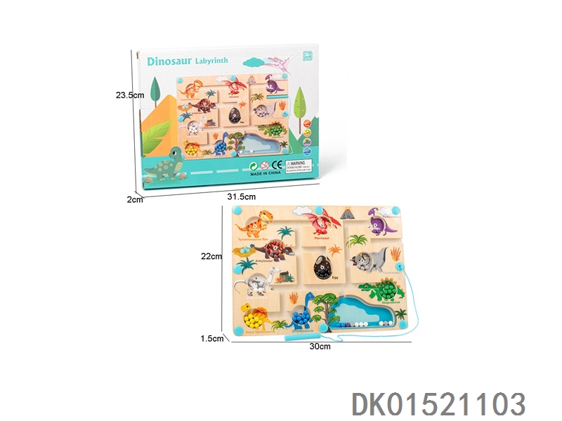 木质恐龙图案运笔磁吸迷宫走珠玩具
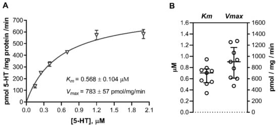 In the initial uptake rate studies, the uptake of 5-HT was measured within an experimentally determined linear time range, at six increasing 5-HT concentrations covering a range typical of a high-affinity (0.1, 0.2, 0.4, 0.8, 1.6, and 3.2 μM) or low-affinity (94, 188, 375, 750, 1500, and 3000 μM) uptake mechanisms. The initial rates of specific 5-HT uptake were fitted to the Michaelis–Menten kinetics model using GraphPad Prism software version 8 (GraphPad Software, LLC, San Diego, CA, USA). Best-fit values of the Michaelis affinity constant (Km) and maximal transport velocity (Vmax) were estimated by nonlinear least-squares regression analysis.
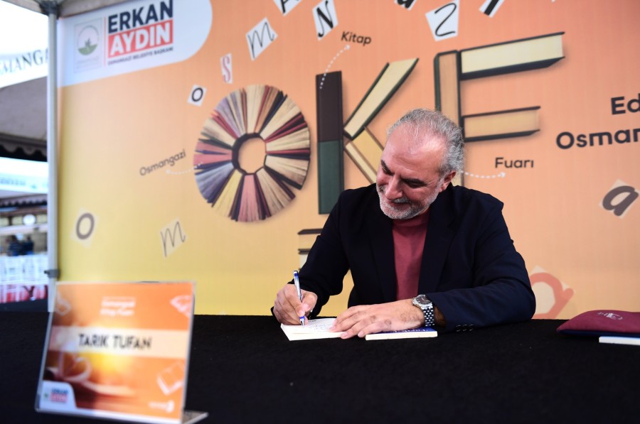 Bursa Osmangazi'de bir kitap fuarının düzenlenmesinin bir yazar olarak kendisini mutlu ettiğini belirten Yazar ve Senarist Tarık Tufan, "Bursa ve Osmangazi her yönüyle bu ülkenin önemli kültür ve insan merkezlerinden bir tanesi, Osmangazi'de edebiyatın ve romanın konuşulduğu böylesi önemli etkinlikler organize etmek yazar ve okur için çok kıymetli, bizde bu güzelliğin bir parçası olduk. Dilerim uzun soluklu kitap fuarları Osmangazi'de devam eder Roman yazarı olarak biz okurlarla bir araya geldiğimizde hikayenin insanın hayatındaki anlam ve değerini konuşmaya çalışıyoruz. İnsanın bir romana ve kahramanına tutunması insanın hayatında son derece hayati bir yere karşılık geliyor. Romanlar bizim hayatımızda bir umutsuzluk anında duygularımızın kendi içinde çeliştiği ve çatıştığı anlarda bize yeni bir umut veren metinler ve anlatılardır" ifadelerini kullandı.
* * *
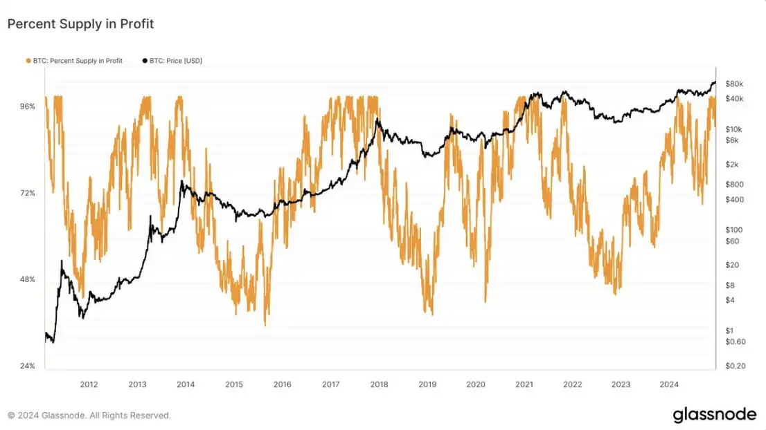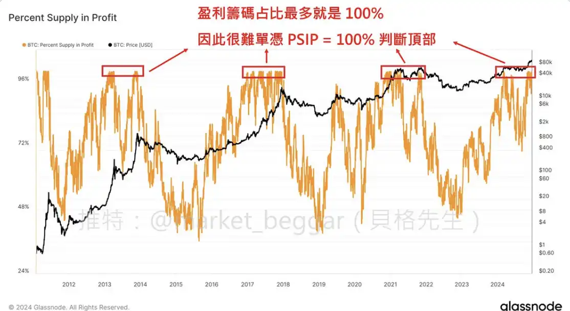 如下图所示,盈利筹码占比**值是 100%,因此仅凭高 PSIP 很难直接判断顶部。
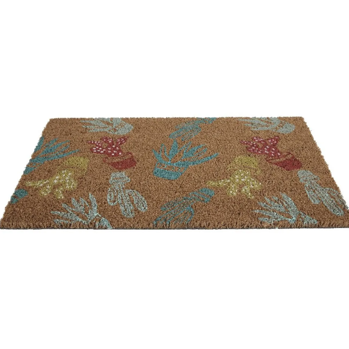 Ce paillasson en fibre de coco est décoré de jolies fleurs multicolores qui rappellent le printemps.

▶ Task: Return the stretch of data that begins with the line showing "如下图所示,盈利筹码占比**值是 100%,因此仅凭高 PSIP 很难直接判断顶部。" and goes on through the line showing "Ce paillasson en", exactly, with pictures removed.

▶ Solution below:
 如下图所示,盈利筹码占比**值是 100%,因此仅凭高 PSIP 很难直接判断顶部。
 Ce paillasson en fibre de coco est décoré de jolies fleurs multicolores qui rappellent le printemps.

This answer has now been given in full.